### TASK BRIEF
Copy the lines below as they are; omit the images they contain.
[[ RECORDED INFORMATION open ]]
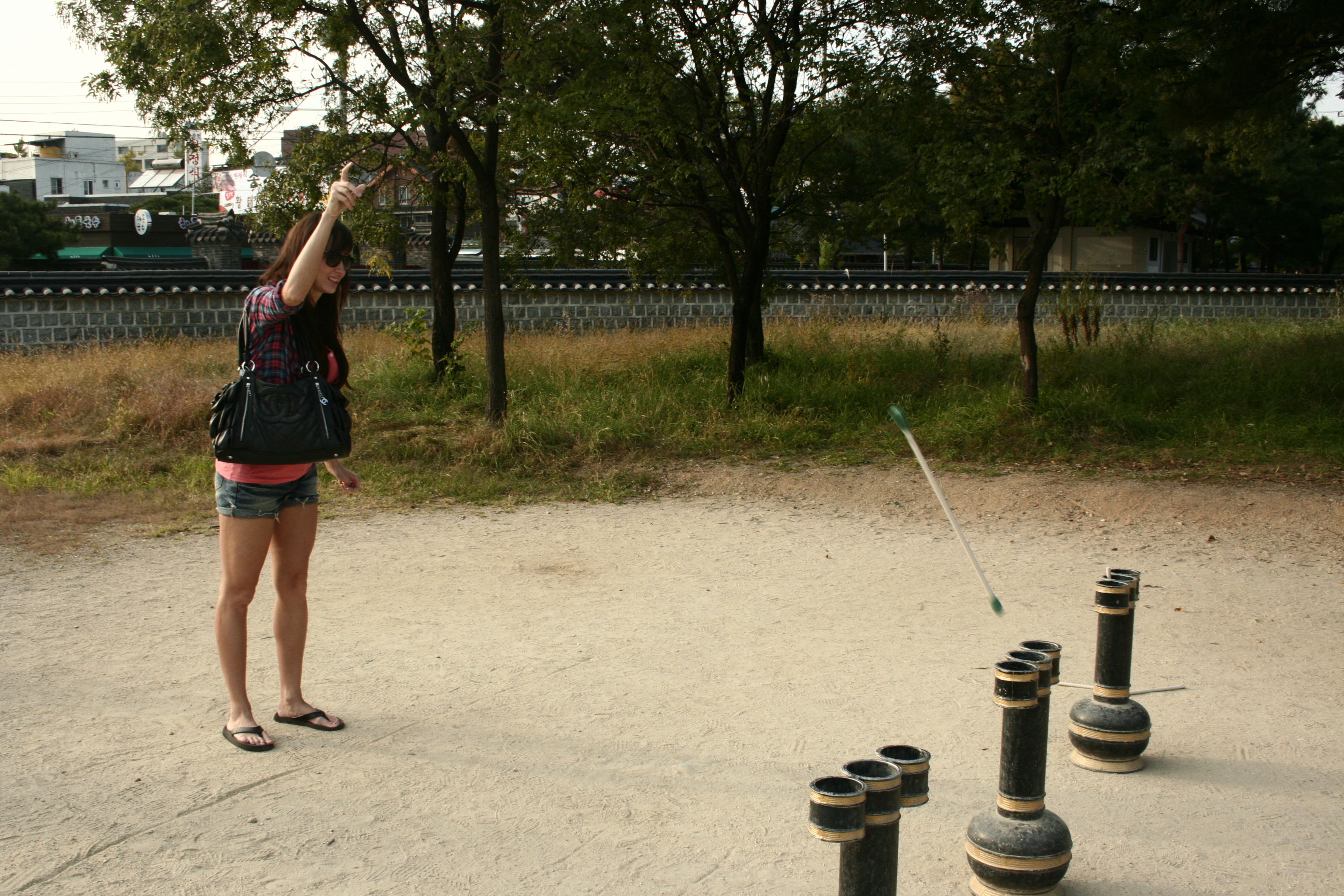 Playing a traditional Korean game.
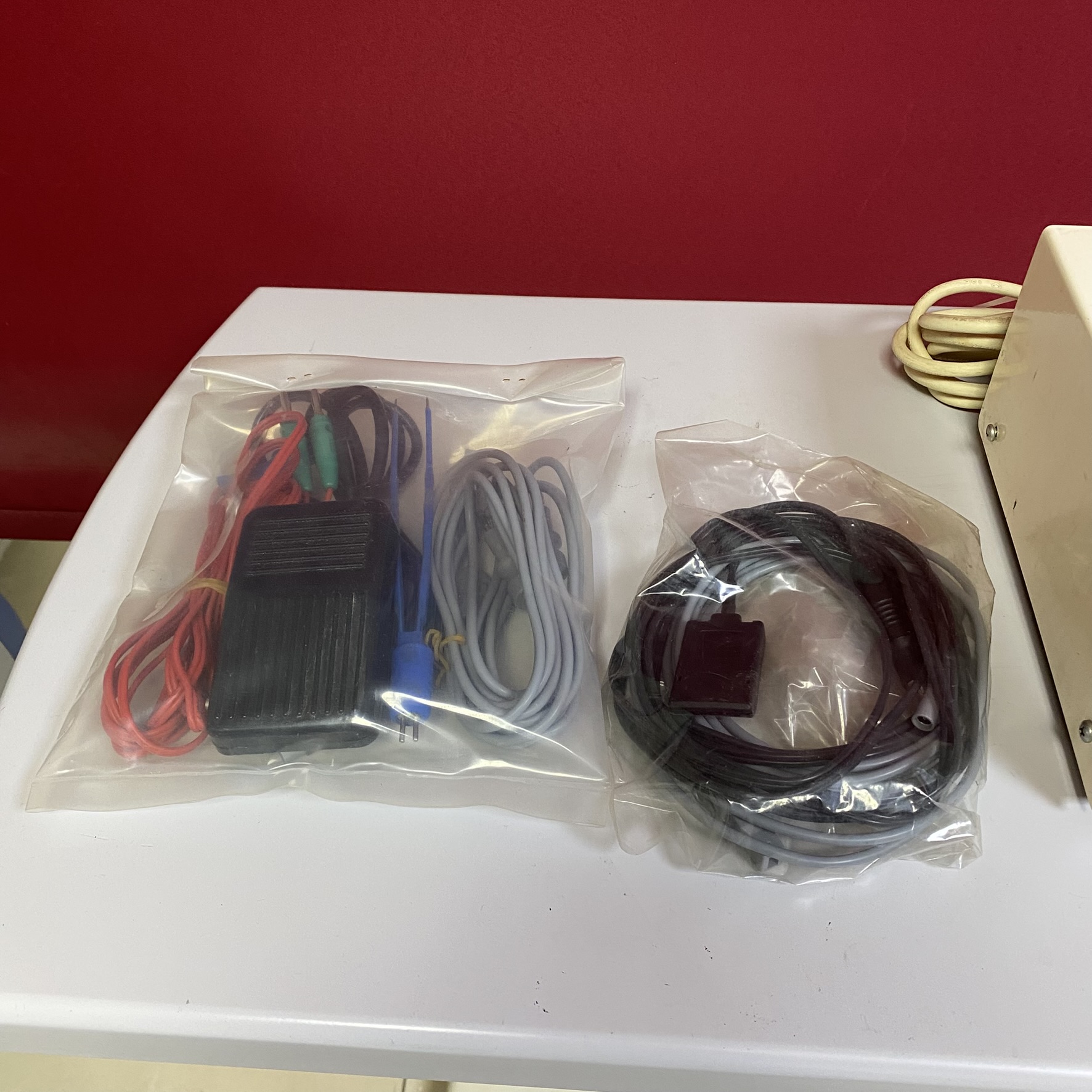 Among the bagged accessories provided, there is a black foot pedal, probes, and interconnecting cables, which are understood to be compatible with the device. While the accessory packages are sealed, preventing a detailed view of the individual condition of their contents, it can be observed externally that the cable insulations are intact and there are no breaks.
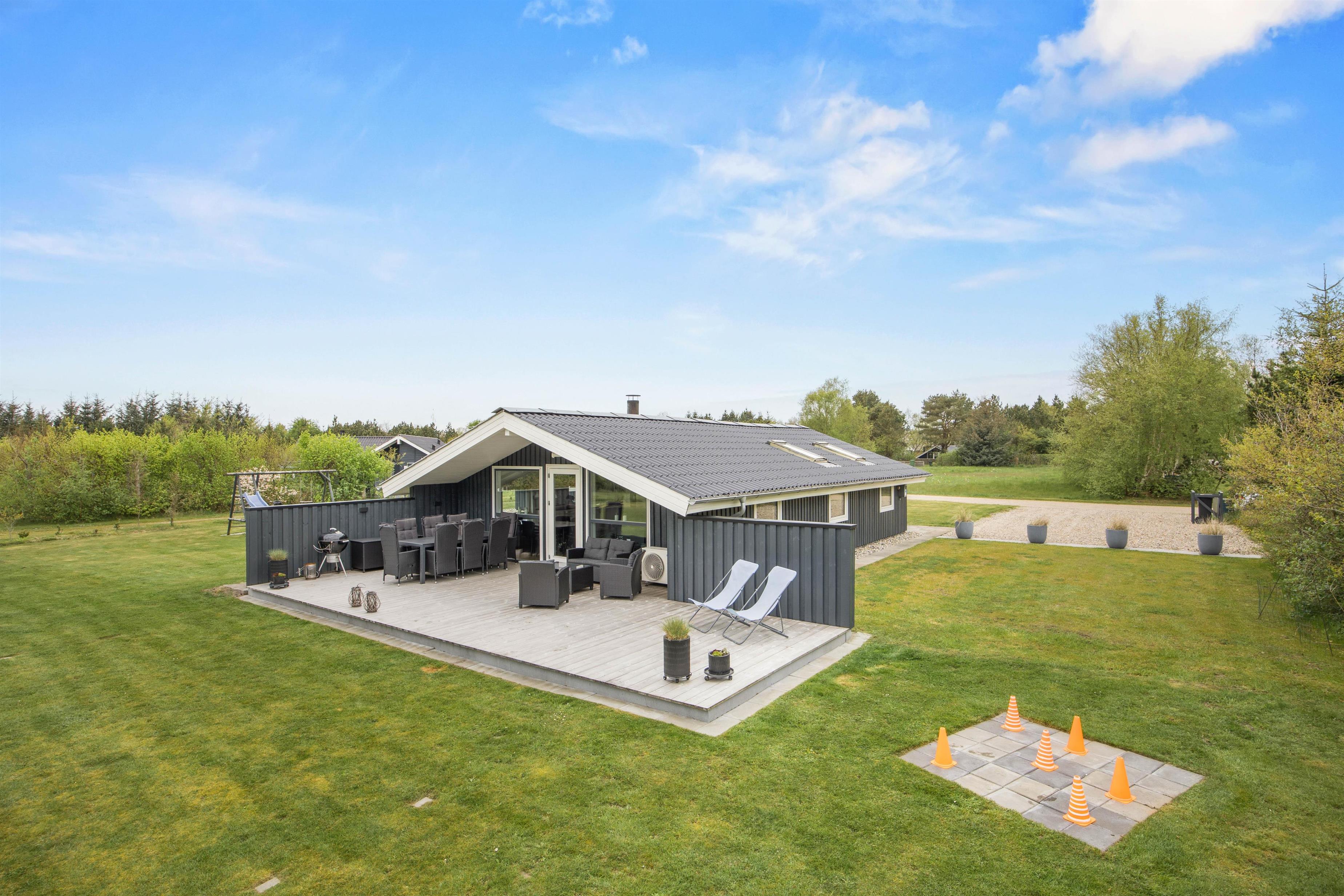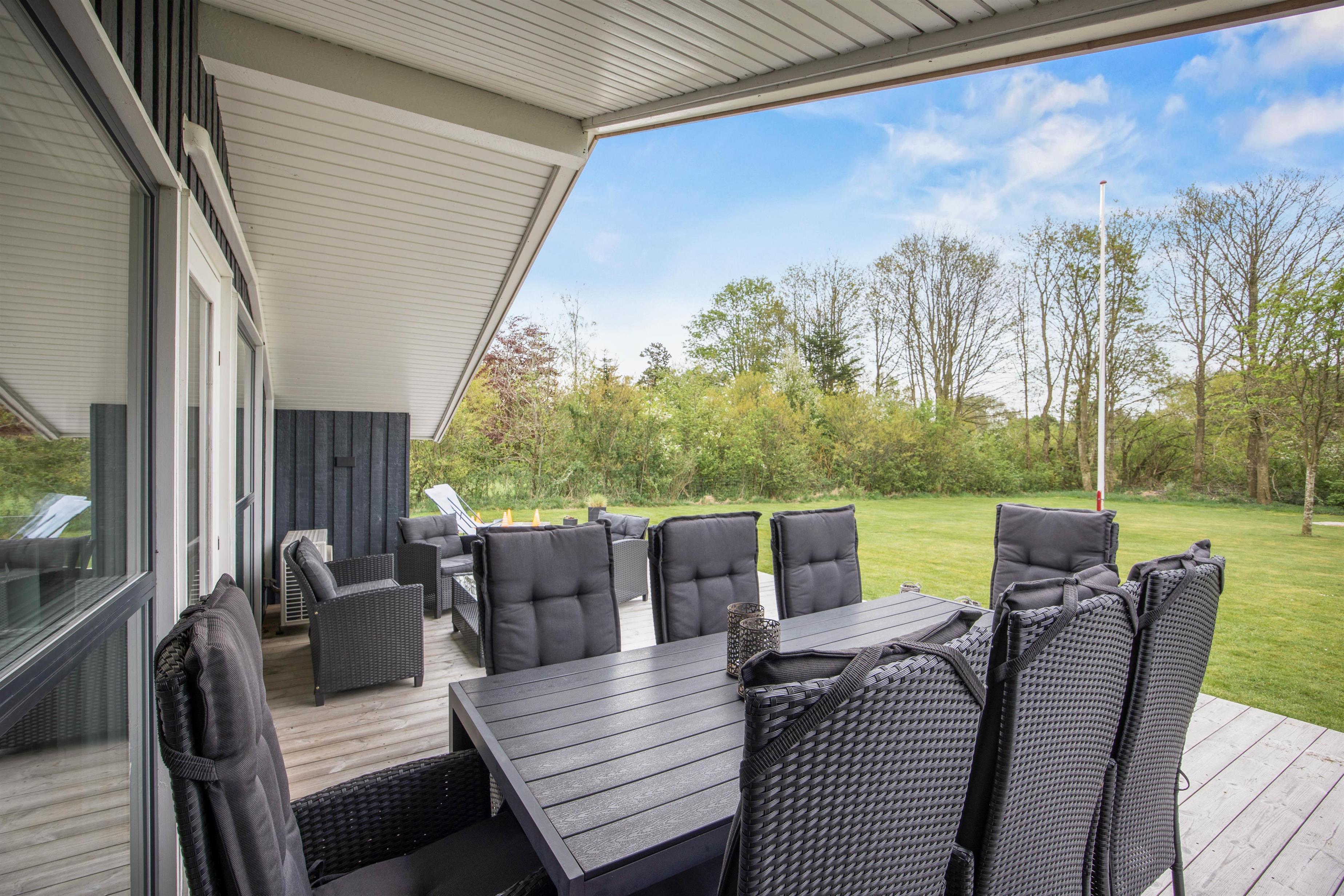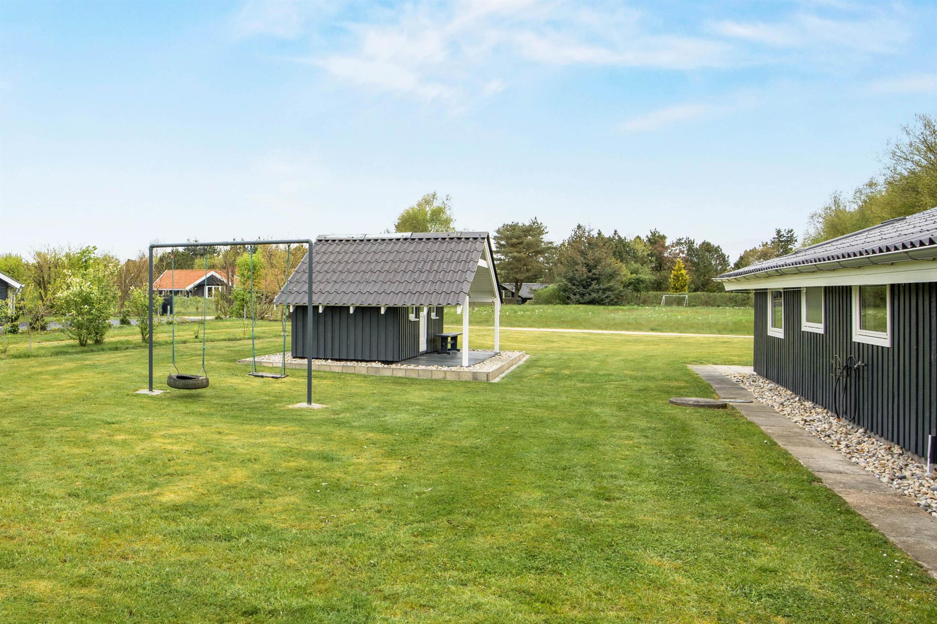 Liggestole, havemøbler og en grill er tilgængelige på terrassen, så I kan forkæle jer selv med mange timer i den friske luft, især på sommerdage. Mens børnene og hunden tumler rundt i haven, eller de yngste svinger højt på gyngen, forberedes feriens lækre måltider, som I derefter kan spise sammen, på sommerhusets terrasse.
[[ RECORDED INFORMATION closed ]]
### RESPONSE TO THIS EXERCISE
 Playing a traditional Korean game.
 Among the bagged accessories provided, there is a black foot pedal, probes, and interconnecting cables, which are understood to be compatible with the device. While the accessory packages are sealed, preventing a detailed view of the individual condition of their contents, it can be observed externally that the cable insulations are intact and there are no breaks.
 Liggestole, havemøbler og en grill er tilgængelige på terrassen, så I kan forkæle jer selv med mange timer i den friske luft, især på sommerdage. Mens børnene og hunden tumler rundt i haven, eller de yngste svinger højt på gyngen, forberedes feriens lækre måltider, som I derefter kan spise sammen, på sommerhusets terrasse.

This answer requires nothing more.